(Recorded data)
"""
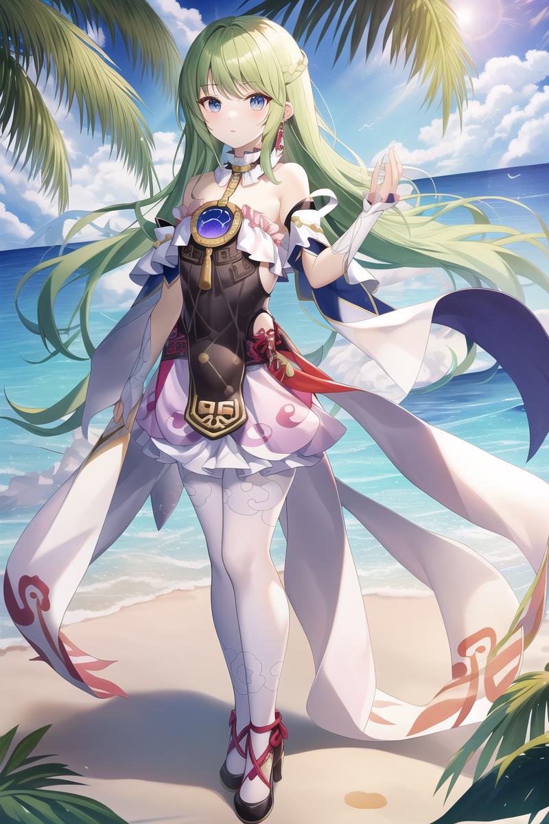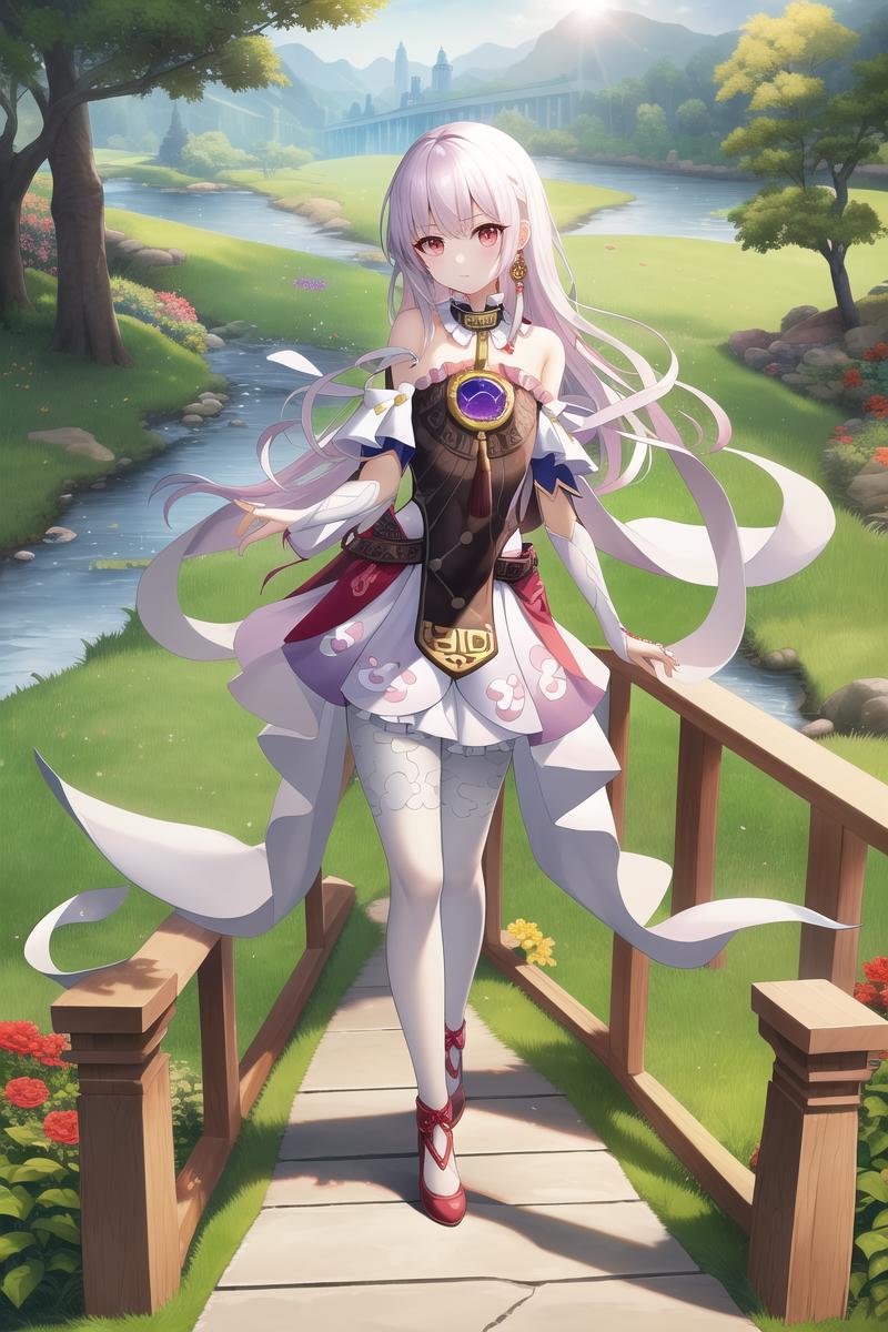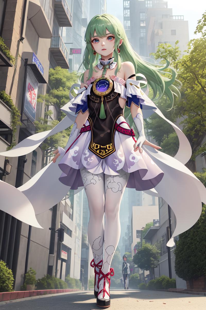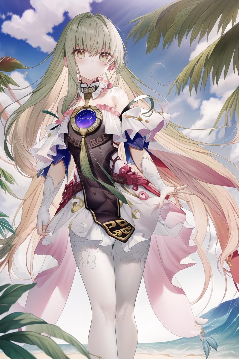 触发词: 1girl,solo,white legwear,dress,detached sleeves,pantyhose,white dress,bare shoulders,china clothes,choker,high heels,jewelry,white gloves,neck ring,tassel,frills
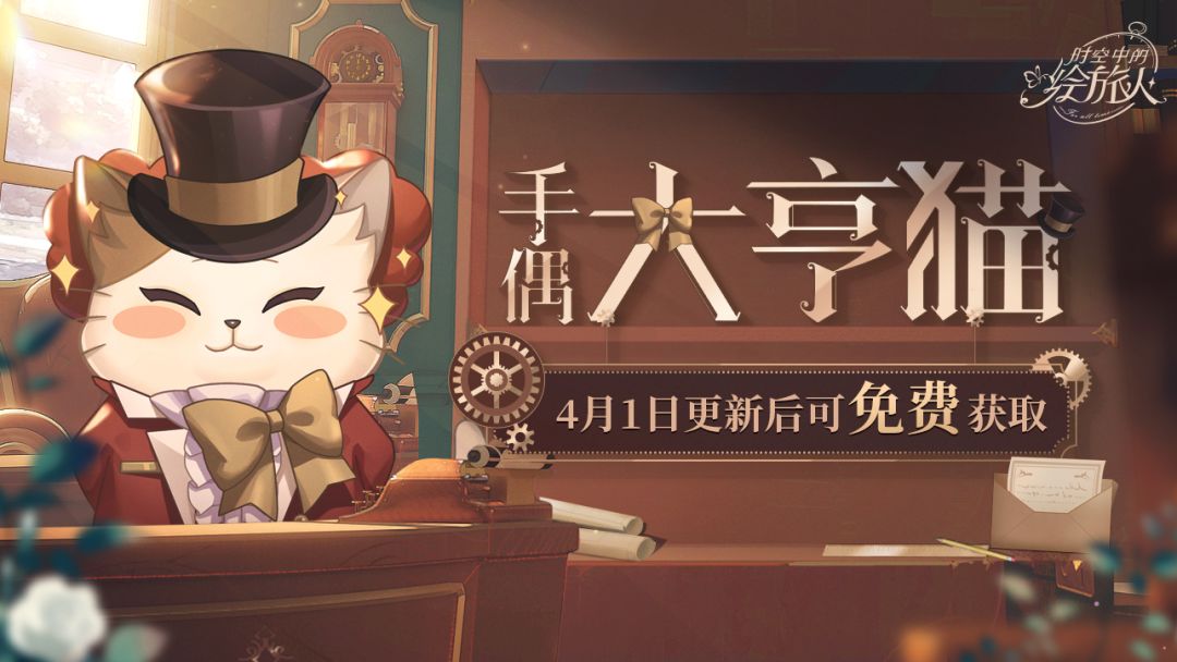 全新乐园手偶皮肤[大亨猫]限时免费领取! 「喵,这朵花,献给最可爱的市长。」 ★活动时间:4月1日更新后-4月8日5:00 ★4月1日更新后-4月3日,每天早上10:00,小画家们可在邮箱中领取邮件[乐园礼帽]x1,集齐3个[乐园礼帽]可在采购商城乐园重建分页下兑换手偶皮肤[大亨猫],大亨猫在活动复刻前暂无获取途径。 ※注意:邮件、[乐园礼帽]道具、兑换途径将在活动结束后消失,记得及时领取哦。 —
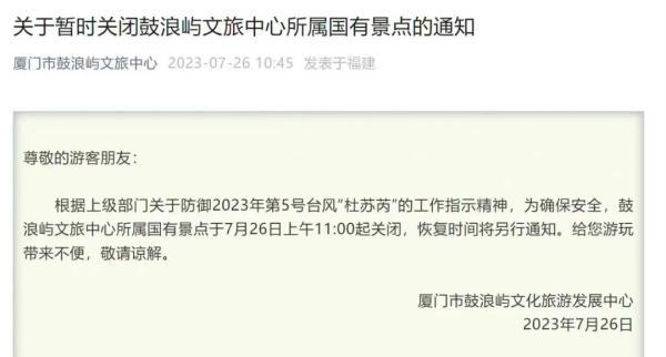 ✓ 文旅活动主办方加强风险研判和安全防范,对因受台风影响存在安全风险的应暂停举办或延期举办。
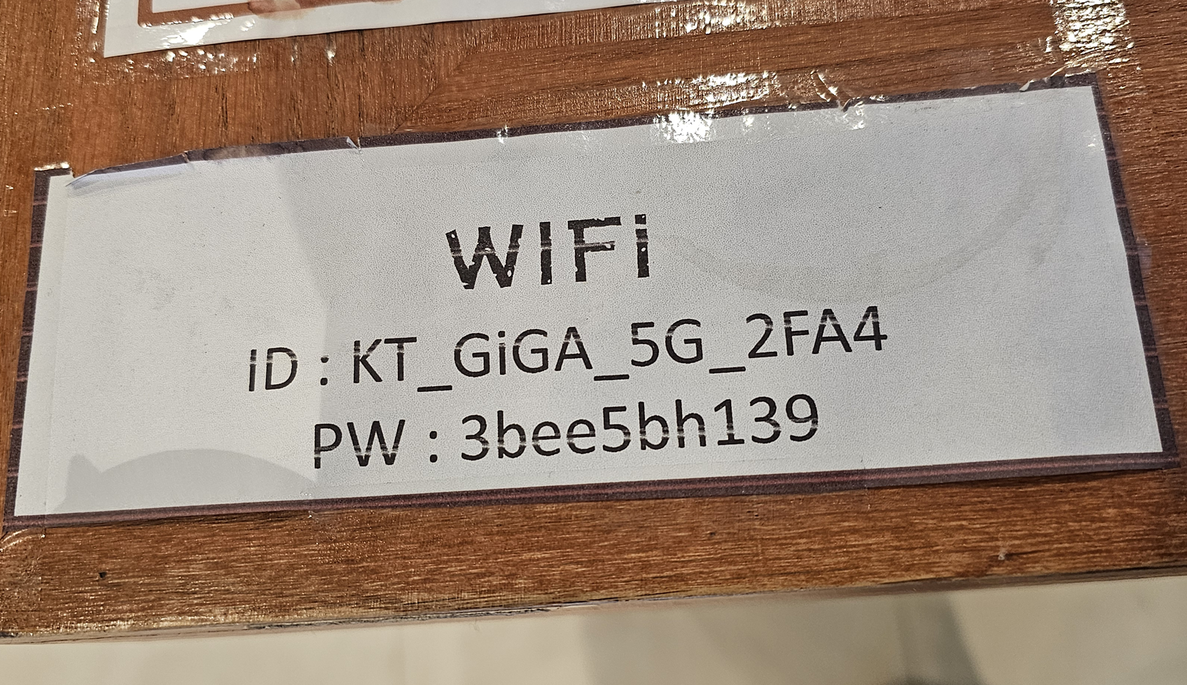 와이파이 비밀번호도 제공되므로, 식사 중 스마트폰 사용도 문제없습니다.
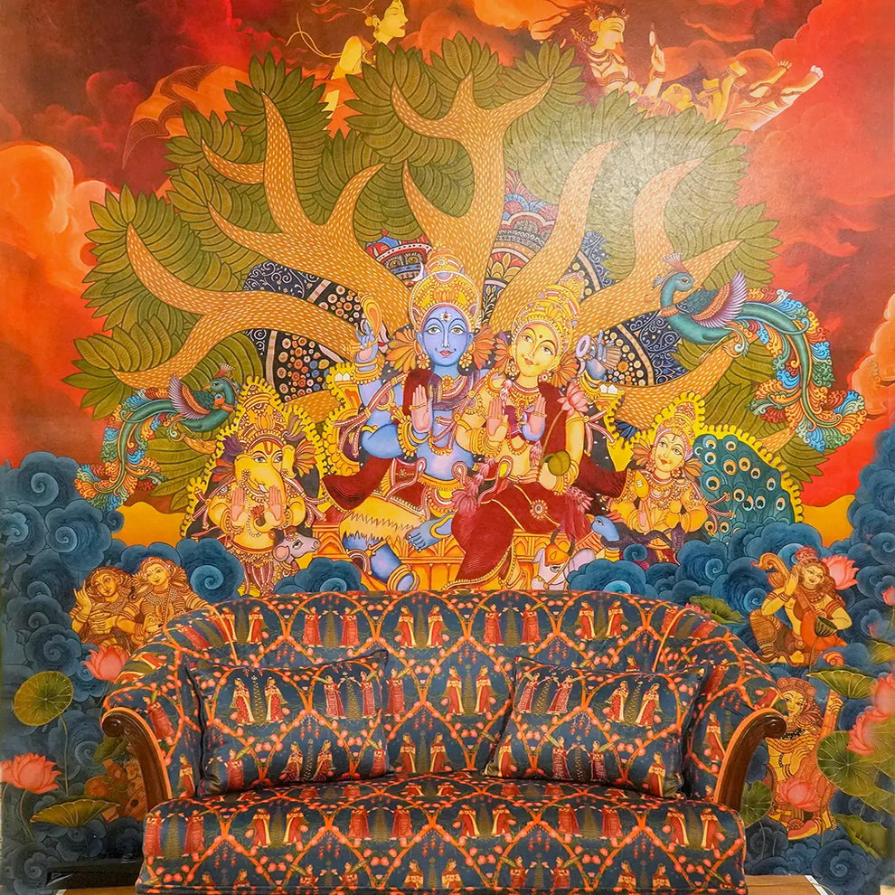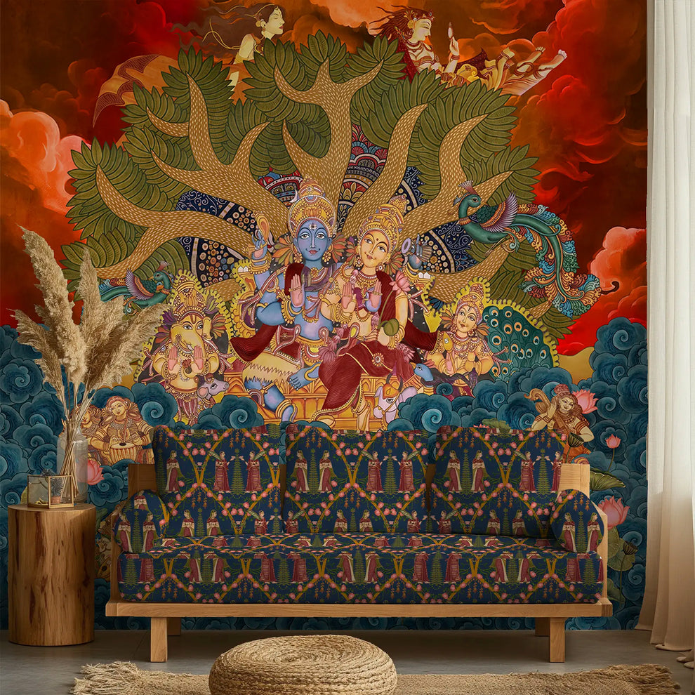 Découvrez la beauté divine de Krishna Leela dans notre collection de papiers peints Suneherii Ultra Luxury. Élevez votre espace avec des designs complexes qui racontent les histoires enchanteresses du Seigneur Krishna.
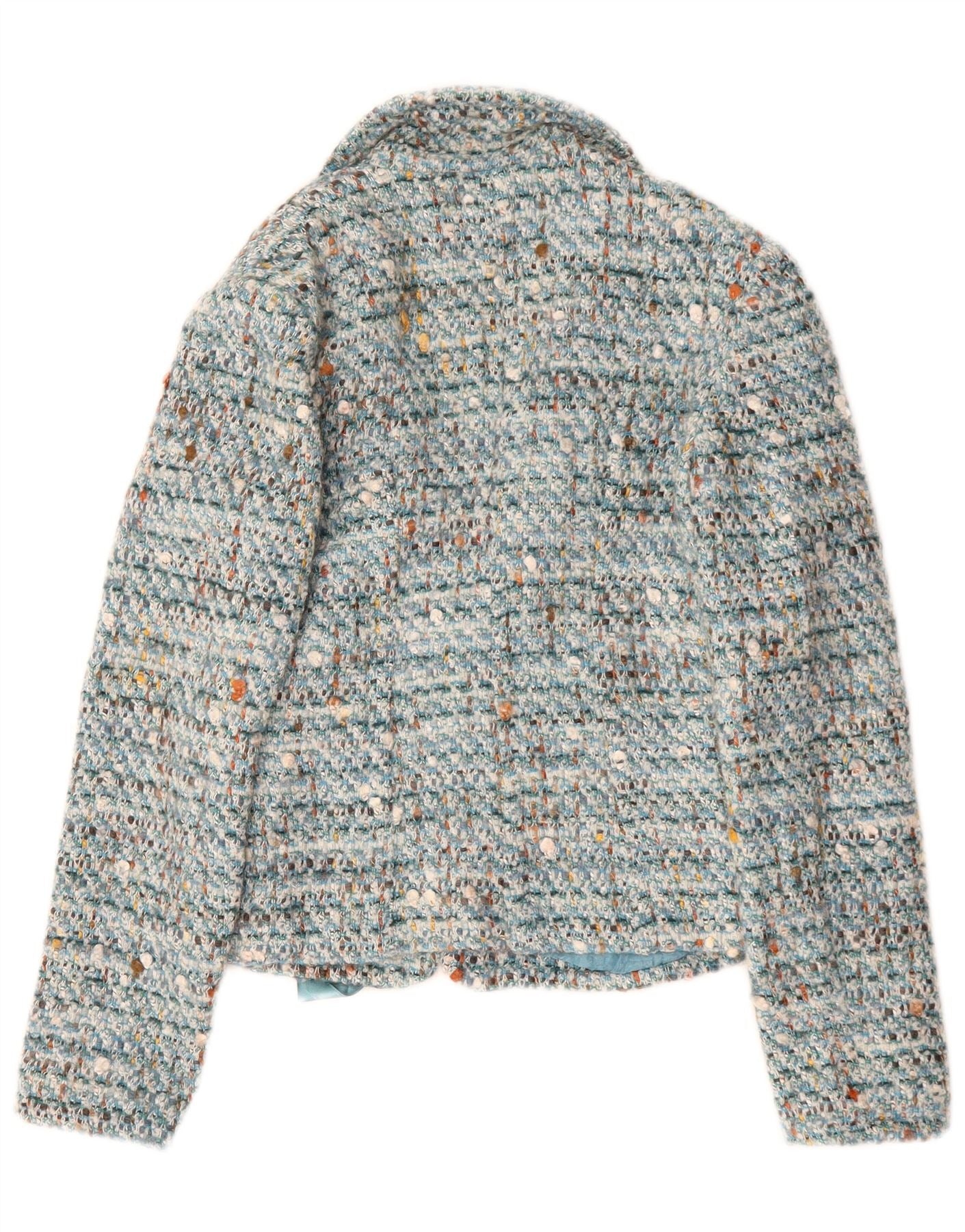 Jaqueta blazer feminina Luisa Spagnoli com gravata frontal IT 40 pequena azul manchada
"""
(Your assignment) Set down exactly the lines of the entries above from the one holding "Découvrez la beauté" through the last one, including both, with the pictures left out.

(Answer to the problem)
 Découvrez la beauté divine de Krishna Leela dans notre collection de papiers peints Suneherii Ultra Luxury. Élevez votre espace avec des designs complexes qui racontent les histoires enchanteresses du Seigneur Krishna.
 Jaqueta blazer feminina Luisa Spagnoli com gravata frontal IT 40 pequena azul manchada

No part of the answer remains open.